Science

Entomologist Justin Schmidt Suffered Insect Stings For Science

A sting from a honeybee is awful; a sting from a hornet is worse. That's probably the extent of the knowledge most of us have about how painful insect stings can be. But for entomologist Justin Schmidt, whose occupation takes him throughout the world dealing with every flavor of stinging insect, stings are a part of life. Schmidt put this occupational hazard to good use with the Schmidt Sting Pain Index, a scale that rates the pain of 78 different stinging species — with poetic flourish, to boot.

A Sting By Any Other Name

Schmidt was a chemistry student in his 20s when he received the book "Wasp Farm" by Howard Evans from his then-wife Debbie for Christmas. It made him rediscover his childhood fascination with insects, and led him to study them in grad school. While collecting specimens of harvester ants to study their venom, he and Debbie were stung. The pain lasted for hours and felt unlike anything he had ever experienced — and Schmidt was fascinated. He hit the road to collect more species of harvester ants and measure their individual levels of venom toxicity.
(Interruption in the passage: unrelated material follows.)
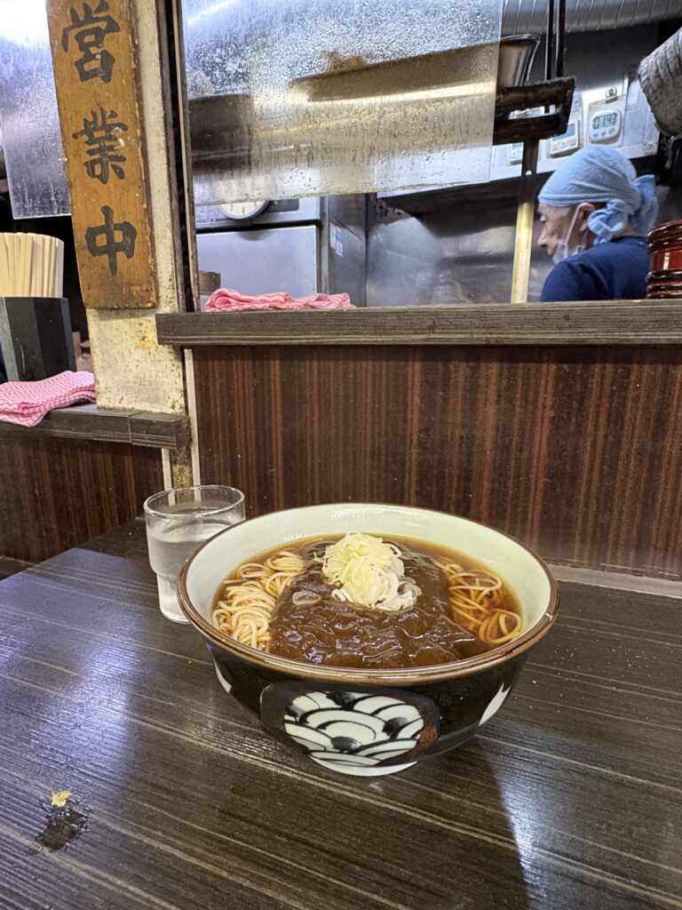 18時前に解散。飲み過ぎてしまい酔いが回っています💦。蕎麦屋でそばを食べなかったので、日本最古の地下商店街に入り【文珠そば】でカレーそばを食べます。両国本店は何度か行きましたがここは初めてです。今では少なくなった完全立ち食いの店です。心地よい雰囲気でした🤗。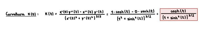 Se tiene la siguiente curva plana parametrizada en coordenadas cartesianas que representa una catenaria:

"Pain, the experience of pain, is a body's warning system that damage has occurred, is occurring or is about to occur," Schmidt explained to The New York Times Magazine. "But pain itself is not the same thing as damage." For example, the venom in a honeybee causes localized pain, but it also travels to the heart and causes cardiac damage. That's why a swarm of bees can kill you. A sting from the wasp known as a tarantula hawk hurts much worse than that of a honeybee, but causes minimal damage. That means you can't judge the pain of a sting from chemistry alone. You need the subjective experience. That's why Schmidt decided to create his pain scale.

"The Connoisseur Of Pain"

Though some think of Schmidt as the guy who had a bunch of insects sting him for science, that's not strictly accurate. Every sting on his scale was experienced within the scope of his work — that is, they were side effects, not the main goal. (To see true martyrdom for science, check out Michael Smith's study into honeybee sting pain. He had bees sting him in 25 locations on his body, three times each. Yes, including the place you're thinking.) That just makes the breadth of Schmidt's index even more impressive. Of course, subjective pain ratings are by definition less than scientific, and the single subject, cornucopia of sting locations, and small sample size makes Schmidt's ratings hard to extrapolate to what you or I might experience.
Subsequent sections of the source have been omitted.